I need some help with choosing and customizing an annotation interface.
I am working with longish (2-10 pages) legal documents. I need to extract names of the parties the contract applies to. The parties are names of corporations. Sometimes there will be a sentence that says something like “This contract is between ACME corporation and Big Industries Inc.” Other times there will be a sentence that says something like “This contract is between ACME corporation and the companies listed in the appendix of this document.” Then in the appendix there will be a bullet list of several company names. I want to be able to churn through a large number of documents and come out with span annotations that look like "This contract is between
ACME corporation and
Big Industries Inc."
This is basically a named entity extraction task, but it is a little non-standard because I’m not trying to extract every company name in the document. There will be some company names that are not parties to the contract. There are contextual cues that allow a human tell the difference, and I need my model to learn those.
I’m running the
ner.teach recipe with seed patterns to find likely company names. There are a couple problems with the default way that Prodigy has me do this annotation task that I’d like to rectify by writing a custom recipe.
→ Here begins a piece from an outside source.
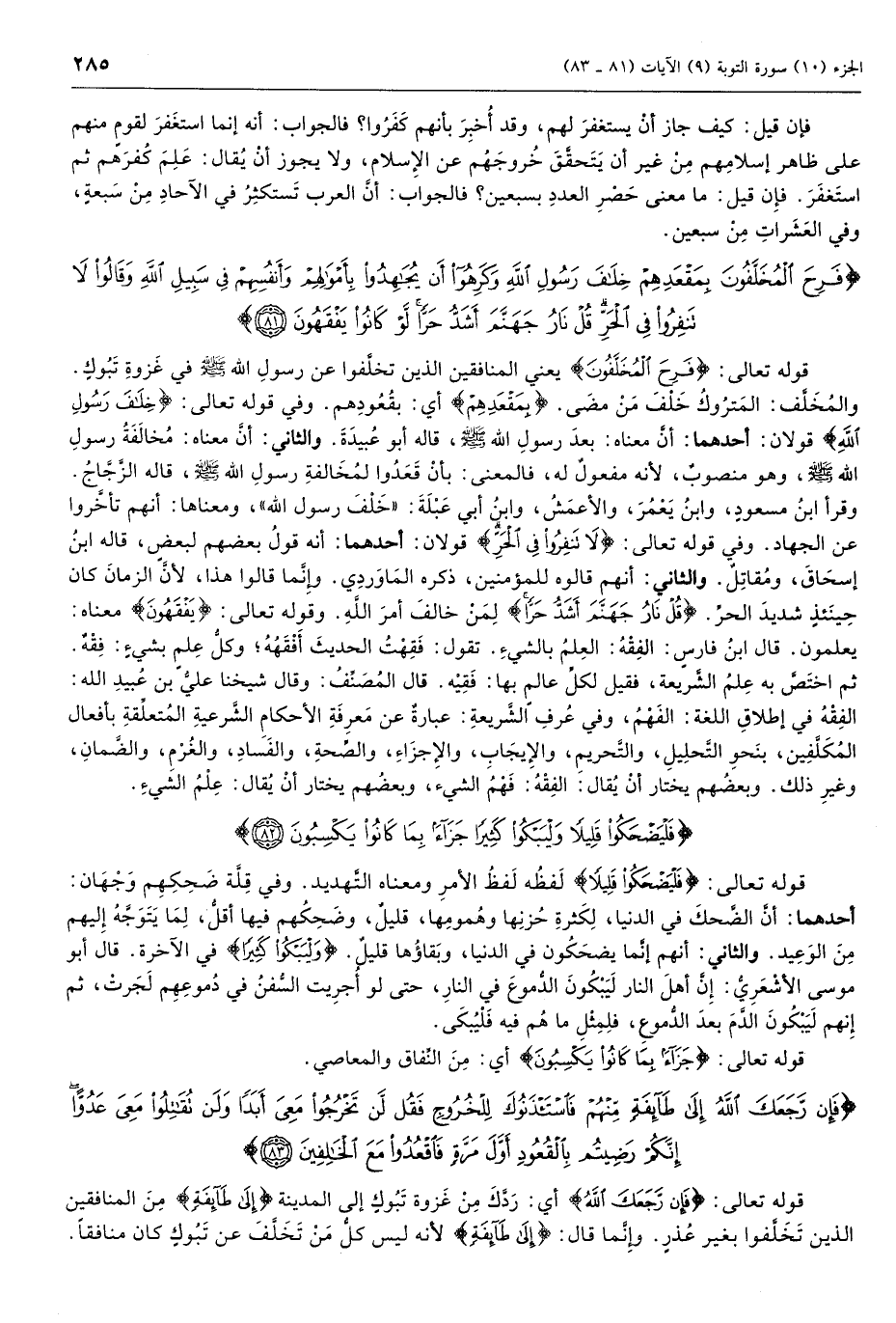 فَرِحَ الْمُخَلَّفُونَ بِمَقْعَدِهِمْ خِلافَ رَسُولِ اللَّهِ وَكَرِهُوا أَنْ يُجاهِدُوا بِأَمْوالِهِمْ وَأَنْفُسِهِمْ فِي سَبِيلِ اللَّهِ وَقالُوا لا تَنْفِرُوا فِي الْحَرِّ قُلْ نارُ جَهَنَّمَ أَشَدُّ حَرًّا لَوْ كانُوا يَفْقَهُونَ (81)

- I need to see more than just the default one-sentence context that Prodigy supplies. Entire paragraphs would be helpful. Or maybe even the entire document.
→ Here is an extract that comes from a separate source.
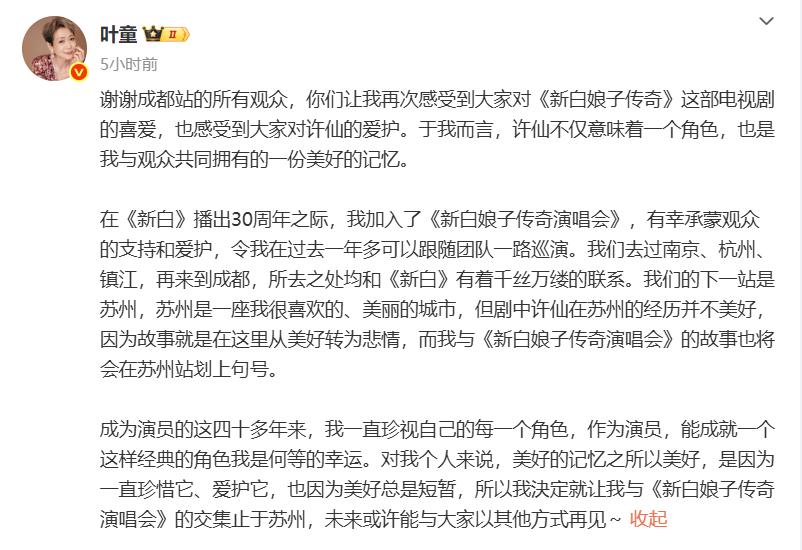 5月25日凌晨,叶童发文表示自己在《新白娘子传奇》演唱会的行程将在苏州站终止,后续不再参与。

- If we’re looking at just a portion of the document it would be helpful to have an approximate sense of where we are. Something like a line or paragraph number displayed in the Prodigy UI.
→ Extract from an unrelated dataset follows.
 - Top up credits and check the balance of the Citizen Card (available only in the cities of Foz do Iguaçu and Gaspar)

- I also need to see the document title when I’m annotating, because that can be very helpful to the annotator.
I think I can change the amount of displayed context in (1) by returning the right kind of
stream object from my custom recipe, but I’m not sure. Is there example code for this?
(2) and (3) are basically metadata: data that should be visible to the annotator that is not part of the literal text. Is this supported by recipes?
Also would the boundaries interface or the new fully manual NER annotation interfaces be better for this task than
ner.teach? Are there example recipes that run these?